Issue2672

classification
Title: Integer formatting emits two minus signs with -2^31
Type: behaviour Severity: normal
Components: Core Versions: Jython 2.7
Milestone:
process
Status: pending Resolution: fixed
Dependencies: Superseder:
Assigned To: stefan.richthofer Nosy List: jamesmudd, jeff.allen, stefan.richthofer
Priority: normal Keywords: easy

Created on 2018-04-29.15:05:58 by jeff.allen, last changed 2018-07-09.13:14:43 by stefan.richthofer.

Files
File name Uploaded Description Edit Remove
IntegerBug.java jamesmudd, 2018-05-15.22:23:03
Messages
msg11925 (view) Author: Jeff Allen (jeff.allen) Date: 2018-04-29.15:05:57
First observed by Helmut Niemann (thanks):

x = int(-(1<<31))
print ('%d' % x) # emits --2147483648

One also observe it as:

>>> int(-(1<<31)).__format__('d')
'--2147483648'

It's important that x be an int, not a long, which is in fact a clue to the work-around. Clearly this is a thinking error somewhere in int.__format__, so we should add a regression test in case it recurs.
msg11982 (view) Author: James Mudd (jamesmudd) Date: 2018-05-15.22:23:03
I have had a quick look at this and it's kind of an edge case were i'm not sure if we should fix it.

The issue occurs in: org.python.core.stringlib.IntegerFormatter.format_d(int)

Where the minus sign is handled separate to the value itself. The value is then negated and passed to Java Integer.toString(-value). This is suposed to result in a positive sting representation. However in the edge case of passing in Integer.MIN_VALUE it results in "-2147483648". This can be demonstrated just in java see attached example.

The core of the problem is Integer.MIN_VALUE=-2^31 whereas Integer.MAX_VALUE=2^31-1 (https://docs.oracle.com/javase/7/docs/api/java/lang/Integer.html) so -Integer.MIN_VALUE doesn't fit in an int.
msg11986 (view) Author: Stefan Richthofer (stefan.richthofer) Date: 2018-05-16.19:17:06
We should definitely fix it. It is invalid behavior, can cause arbitrary issues, unforeseeable damage, etc. It must be fixed.
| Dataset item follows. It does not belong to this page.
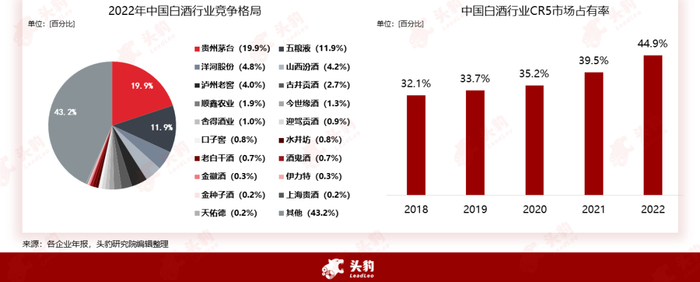 中国白酒行业的竞争集中度不断提升,行业CR5从2018年的32.1%上涨至目前的44.9%,实现五年间的持续增长。疫情爆发后,中国白酒部分企业利润承压,白酒行业因此加速分化,行业CR5在2020年至2021年出现较大的增长。但对比国外不同烈酒行业的集中度,中国白酒市场集中度有进一步提升的空间。2022年,我国白酒市场CR5为44.9%,韩国高达 91%,日本、美国以及全球平均CR5均在45%以上。未来中国白酒市场的集中度有望不断提升,市场分化程度不断加剧。

That said, an easy fix should be to replace
number = Integer.toString(-value);
by
number = Long.toString(-((long) value));

This impacts performance of non-edge-case calls. I don't think that format_d is a performance critical function, but - for what it's worth -
we can do it like

number = value == Integer.MIN_VALUE ? "2147483648" : Integer.toString(-value);
msg11987 (view) Author: James Mudd (jamesmudd) Date: 2018-05-16.22:08:23
I'm happy for it to be fixed also. Think I would prefer

number = Long.toString(-((long) value));

It's a bit cleaner and like Stefan I don't think performance is a issue here.
msg11988 (view) Author: James Mudd (jamesmudd) Date: 2018-05-17.16:46:28
Pull request to fix this one https://github.com/jythontools/jython/pull/102
msg11989 (view) Author: Stefan Richthofer (stefan.richthofer) Date: 2018-05-17.19:11:27
I thought about it and would slightly prefer the second version.
- it is still more efficient
- it somewhat clearly documents the nature of an edge case

Your PR looks good, especially thanks for writing a test!
If you don't mind I would just switch the one-liner to the second version on merging. So you won't have to do anything.
Is that okay?
msg11990 (view) Author: Stefan Richthofer (stefan.richthofer) Date: 2018-05-17.19:21:49
Oh, and it occurred to me that we should assert that not a corresponding format_x function of another primitive type is affected by the same kind of issue.
msg11993 (view) Author: James Mudd (jamesmudd) Date: 2018-05-17.20:17:16
Ok I don't mind the one liner either your right its faster. Style wise I would prefer an if e.g

            if(value == Integer.MIN_VALUE) {
                number = Long.toString(-((long)value));
            } else {
                number = Integer.toString(value);
            }

Just had a quick look and I think this bug is present in other places too. Long should be ok as that will go though IntegerFormatter.format_d(BigInteger) but the bug is present in the other int formatting i.e to hex, octal, binary, char. These need tests and fixing to.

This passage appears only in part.